Вот вопрос: а кто должен был отреагировать? Музыканты оставили проблематику артистичности в живописи без внимания, – их можно понять. Искусствоведы посмеялись над личными пристрастиями композитора: дескать, со своим уставом в чужой монастырь не ходят, – возможно, их не стоит винить. Между тем, вопрос о том, что такое артистичность в искусстве, был поставлен Асафьевым в общем виде и обращался, соответственно, к философам, – они остались равнодушными. В стране есть Институт Философии в Академии Наук, есть философские факультеты в нескольких университетах, есть многочисленные кафедры эстетики, но вопрошание мудрого музыканта и педагога не вызвало ни малейшего интереса в философской среде.

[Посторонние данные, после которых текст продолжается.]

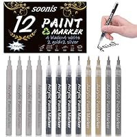 10 | Acrylic Paint Pens 12 Pack (4 Black 4 White 2 Gold 2 Silver) 0.7mm Painting Marker DIY Craft Making Supplies Used for Permanent Marking of Rock Ceramic Glass Plastic Wood Fabric Canvas Mug by soonis |
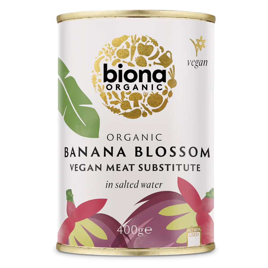 This organic banana blossom in salted water from Biona has a chunky flaky texture similar to jackfruit and makes a great vegan substitute for meat particularly for vegan fish and chips or in a curry or stir fry.Free from gluten wheat dairy soya

Не показалось даже странным, что такой эстетической категории как «артистичность» нет вообще – и никогда не было за всю трехсотлетнюю историю объявленной «эстетики».
Б. В. Асафьев со своими «мыслями и думами» эстетического содержания остался в одиночестве. Его чувствительность к красоте, «эстетикос», оказалась тоньше, изысканнее всего художественного слоя общества. В свое время подобная ситуация возникала с С. Кьеркегором и Ф. Ницше. Ницше ловил себя на том, что ему не нравится то, что ему нравится музыка Р. Вагнера, – однако «казус-Вагнер» не беспокоил больше никого. Кьеркегер был настолько внимателен к «уходу-в-себя», что в творческом опыте самоуглубления придал «отчаянию» статус философской категории. Философствующие литераторы усмотрели в категории «отчаяние» только экзистенциализм. Но Кьеркегор в «отчаяние» вкладывал религиозно-творческий смысл: на пределе творческих усилий помощь приходит «сверху», – этот момент эстетический синергии был отчетливо уловлен позднее в России М. Чеховым – актером, режиссером, мыслителем.
Современная эстетика нуждается в новых категориях, нуждается в иной степени изысканности эстетического созерцания. Она, собственно, и задумывалась А. Баумгартеном (1714–1762) ради этой цели. Баумгартен специально разделил созерцаемые вещи на две составляющие: «вещь-для-нас» и «вещь-в-себе» или «вещь-для-себя» (в зависимости от перевода), смысл которых впоследствии И. Кант перенес в гносеологию. «Вещь-для-нас» есть вещь в контексте наших умных интуиций, примером которых может служить «артистичность» в размышлениях Б. В. Асафьева. В умных интуициях есть своя логика, отличная от той школьной логики, что выстроена на основе структуры языка, подстроенной в свою очередь под лингво-юридические споры. Эстетика задумывалась Баумгартеном как логика не для юристов или лингвистов, а как логика в искусствах, например, логика-в-танце, логика-в-музыке, логика-в-живописи, да, собственно, даже как логика-в-любви. Ранняя смерть А. Баумгартена не позволила развить идеи эстетической логики, но эта задача с лихвой была решена Г. Гегелем. Термин Баумгартена «эстетика», отсылающий к чувственности, крайне не нравился Гегелю, который предпочитал говорить о «философии искусства». Логика-в-искусстве посредством соотношения содержания и формы, части и целого, единичного и общего, необходимого и случайного получила известность под термином «гегелевская диалектика», которая оказалась удивительно созвучной логике в жизни, в истории, в природе, в мышлении, так что об искусстве забыли, заговорив о «диалектической логике» самой по себе.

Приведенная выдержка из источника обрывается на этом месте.